▶ [PROVIDED RECORDS]:
○ ○ ○ ○

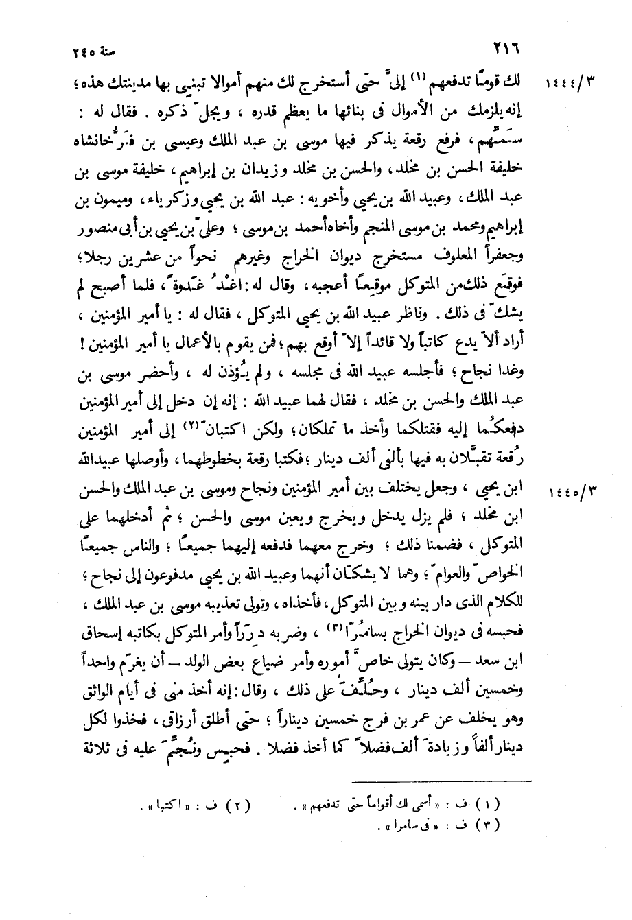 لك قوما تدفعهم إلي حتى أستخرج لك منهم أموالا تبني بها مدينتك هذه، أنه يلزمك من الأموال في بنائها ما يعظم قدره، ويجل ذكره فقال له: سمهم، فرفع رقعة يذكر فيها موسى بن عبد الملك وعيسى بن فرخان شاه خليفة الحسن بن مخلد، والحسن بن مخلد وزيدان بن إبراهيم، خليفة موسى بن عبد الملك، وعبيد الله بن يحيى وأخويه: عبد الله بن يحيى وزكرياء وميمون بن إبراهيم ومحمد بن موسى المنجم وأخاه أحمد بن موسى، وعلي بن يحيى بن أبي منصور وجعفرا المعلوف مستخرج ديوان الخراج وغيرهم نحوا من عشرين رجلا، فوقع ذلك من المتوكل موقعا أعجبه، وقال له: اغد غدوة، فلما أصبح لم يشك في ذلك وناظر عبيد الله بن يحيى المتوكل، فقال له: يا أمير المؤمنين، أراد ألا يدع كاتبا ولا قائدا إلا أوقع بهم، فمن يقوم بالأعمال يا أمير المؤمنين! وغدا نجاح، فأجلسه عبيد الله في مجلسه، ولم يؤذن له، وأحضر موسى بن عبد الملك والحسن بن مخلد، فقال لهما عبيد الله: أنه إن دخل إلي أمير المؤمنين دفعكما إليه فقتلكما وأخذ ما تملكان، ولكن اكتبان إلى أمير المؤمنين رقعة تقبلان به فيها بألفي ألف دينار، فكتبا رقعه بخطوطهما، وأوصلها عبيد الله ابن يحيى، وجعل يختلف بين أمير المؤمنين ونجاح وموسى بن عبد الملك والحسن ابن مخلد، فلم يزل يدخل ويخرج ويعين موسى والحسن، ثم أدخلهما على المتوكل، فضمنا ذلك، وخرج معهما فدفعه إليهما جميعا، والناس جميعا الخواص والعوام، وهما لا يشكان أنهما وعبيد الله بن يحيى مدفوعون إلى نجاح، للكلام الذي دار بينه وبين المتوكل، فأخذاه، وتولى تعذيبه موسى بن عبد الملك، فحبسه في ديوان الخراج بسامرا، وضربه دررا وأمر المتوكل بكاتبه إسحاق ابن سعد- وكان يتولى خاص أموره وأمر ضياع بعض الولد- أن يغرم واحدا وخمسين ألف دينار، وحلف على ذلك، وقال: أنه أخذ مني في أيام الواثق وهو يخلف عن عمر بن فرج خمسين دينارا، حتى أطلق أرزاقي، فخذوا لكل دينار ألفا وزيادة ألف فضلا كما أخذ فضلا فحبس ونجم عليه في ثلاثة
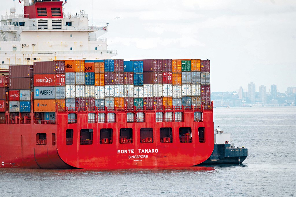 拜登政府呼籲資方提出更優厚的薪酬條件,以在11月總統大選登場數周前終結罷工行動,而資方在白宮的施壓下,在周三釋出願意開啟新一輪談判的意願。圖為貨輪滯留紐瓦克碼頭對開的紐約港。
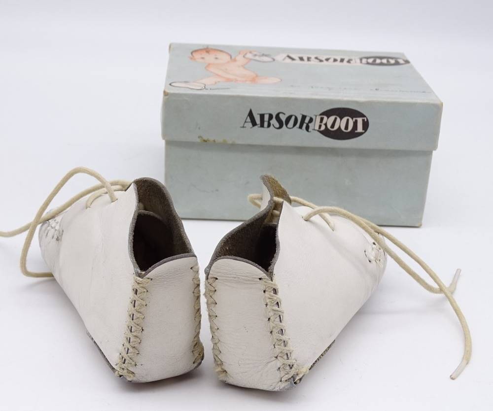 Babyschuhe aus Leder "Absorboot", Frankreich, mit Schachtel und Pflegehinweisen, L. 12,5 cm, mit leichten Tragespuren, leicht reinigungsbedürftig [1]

○ ○ ○ ○

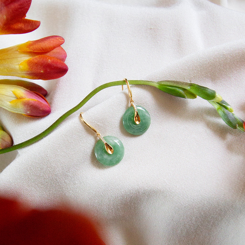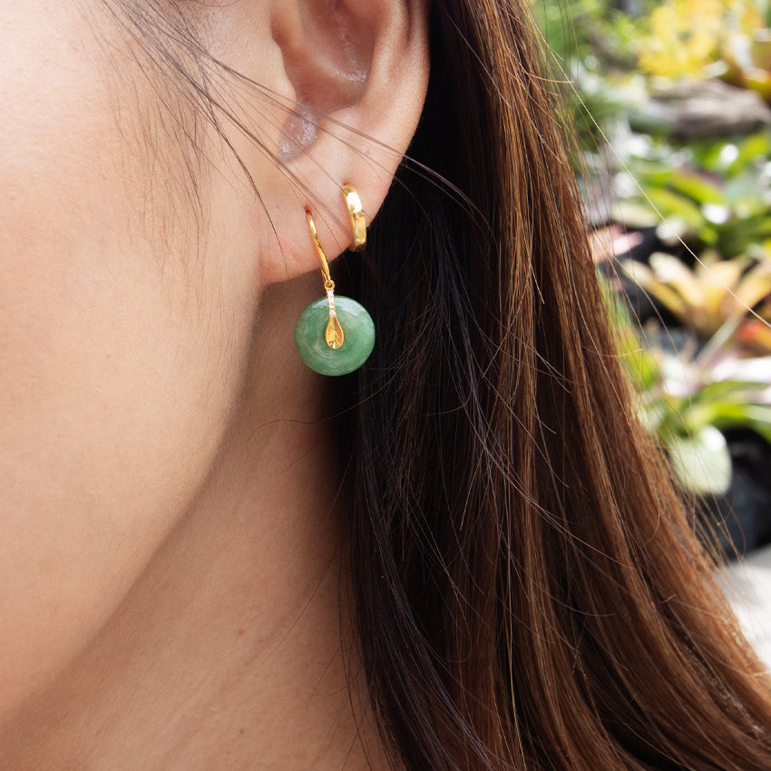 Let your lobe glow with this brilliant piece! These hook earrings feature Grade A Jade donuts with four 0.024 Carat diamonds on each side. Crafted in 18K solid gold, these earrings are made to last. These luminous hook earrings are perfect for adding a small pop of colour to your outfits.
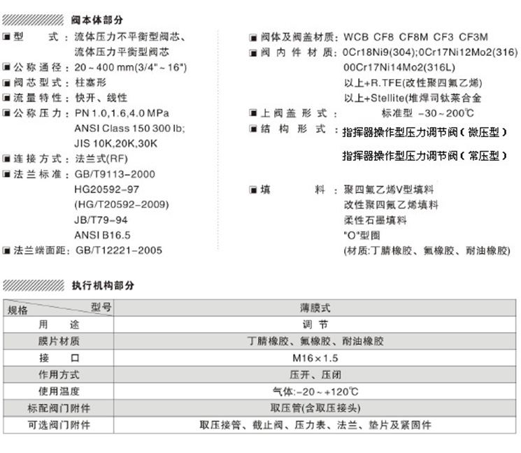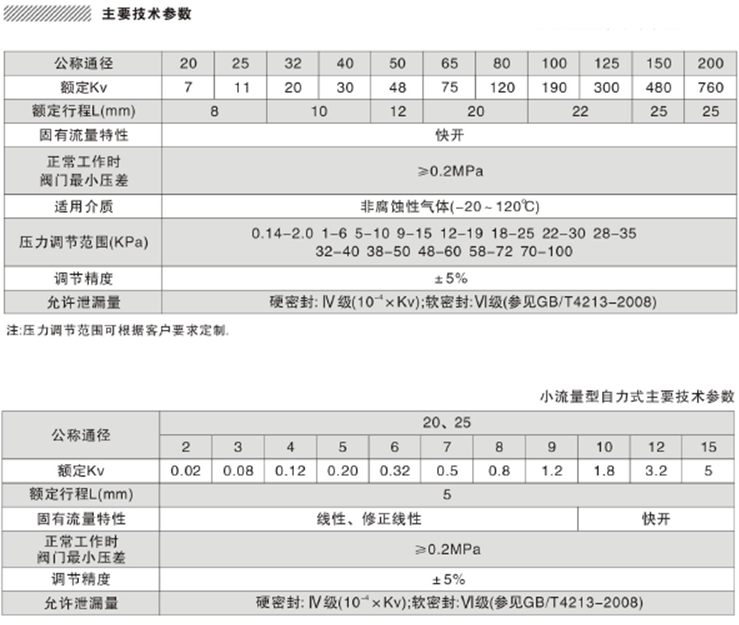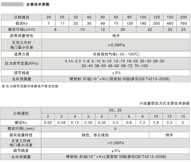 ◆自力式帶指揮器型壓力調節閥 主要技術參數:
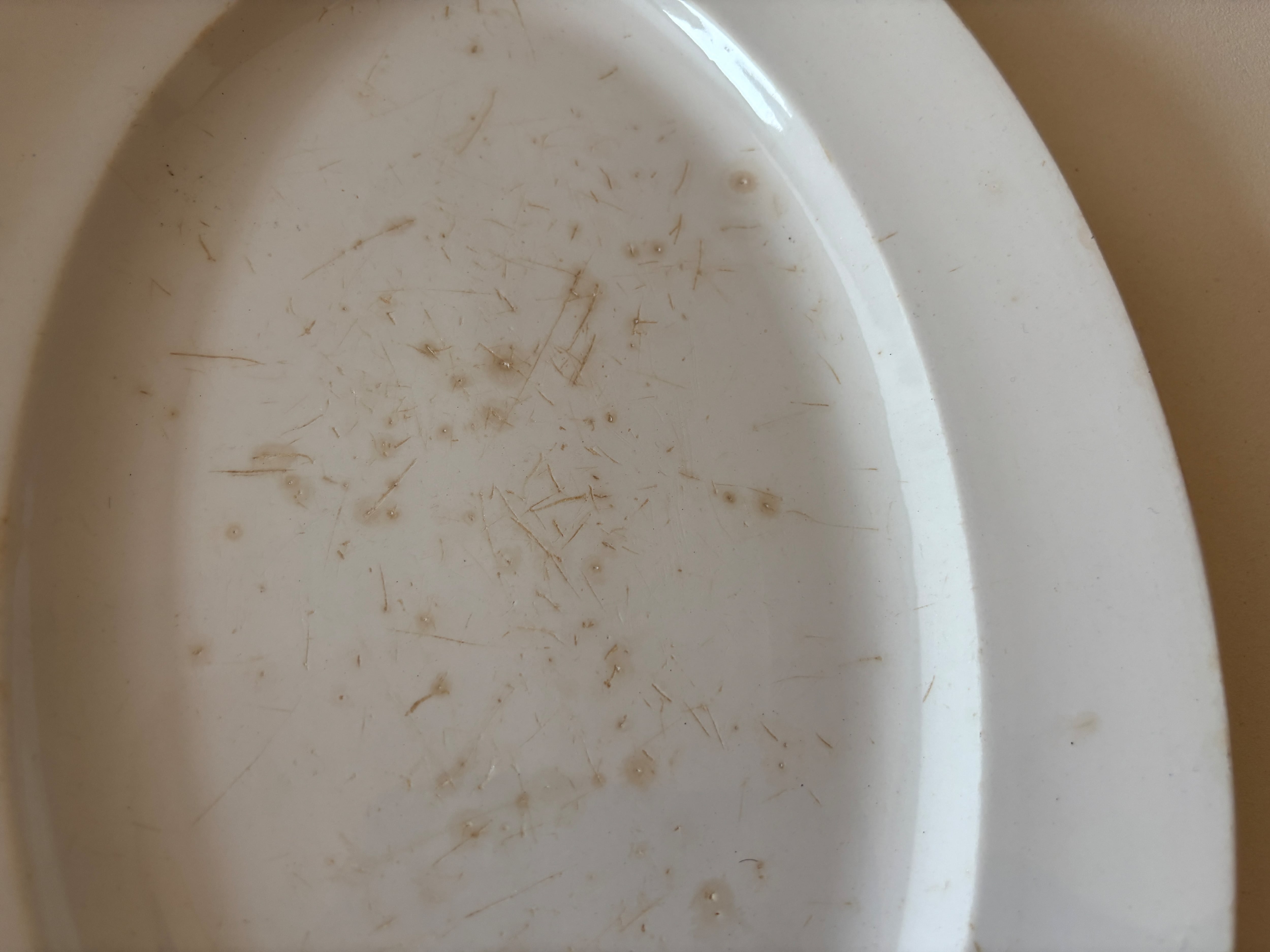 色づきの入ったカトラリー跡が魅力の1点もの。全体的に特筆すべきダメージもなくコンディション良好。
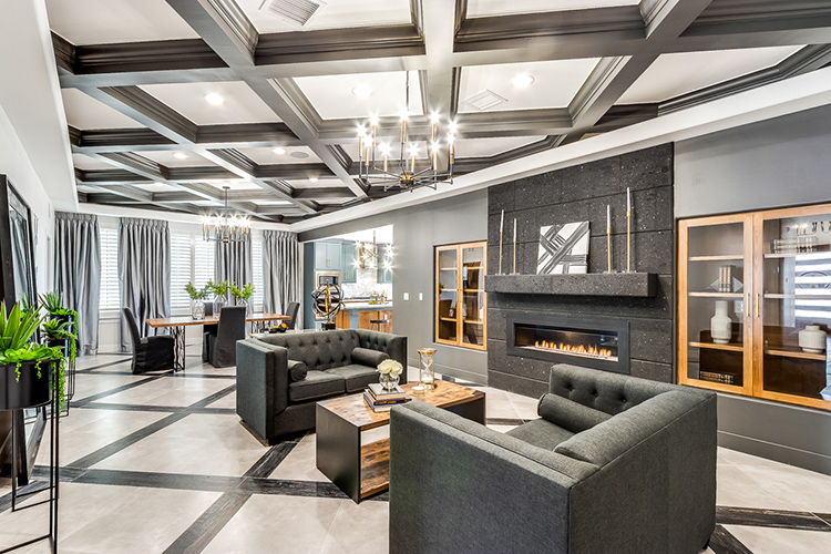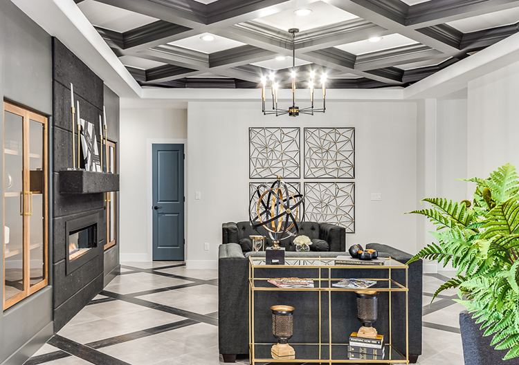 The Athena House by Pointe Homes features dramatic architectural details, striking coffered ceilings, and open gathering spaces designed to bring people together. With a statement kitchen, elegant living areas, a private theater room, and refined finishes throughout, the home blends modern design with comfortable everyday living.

○ ○ ○ ○

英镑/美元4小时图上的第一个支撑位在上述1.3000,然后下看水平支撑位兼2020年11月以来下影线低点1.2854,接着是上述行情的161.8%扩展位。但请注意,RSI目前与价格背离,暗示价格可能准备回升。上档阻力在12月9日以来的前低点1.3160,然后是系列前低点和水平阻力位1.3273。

○ ○ ○ ○

▶ [REQUIREMENT]:
Lines from the one above containing "色づきの入ったカトラリー跡が" down to the one containing "The Athena House" should be transcribed exactly, with both ends kept and no pictures.

▶ [SOLUTION FOR THIS TASK]:
 色づきの入ったカトラリー跡が魅力の1点もの。全体的に特筆すべきダメージもなくコンディション良好。
 The Athena House by Pointe Homes features dramatic architectural details, striking coffered ceilings, and open gathering spaces designed to bring people together. With a statement kitchen, elegant living areas, a private theater room, and refined finishes throughout, the home blends modern design with comfortable everyday living.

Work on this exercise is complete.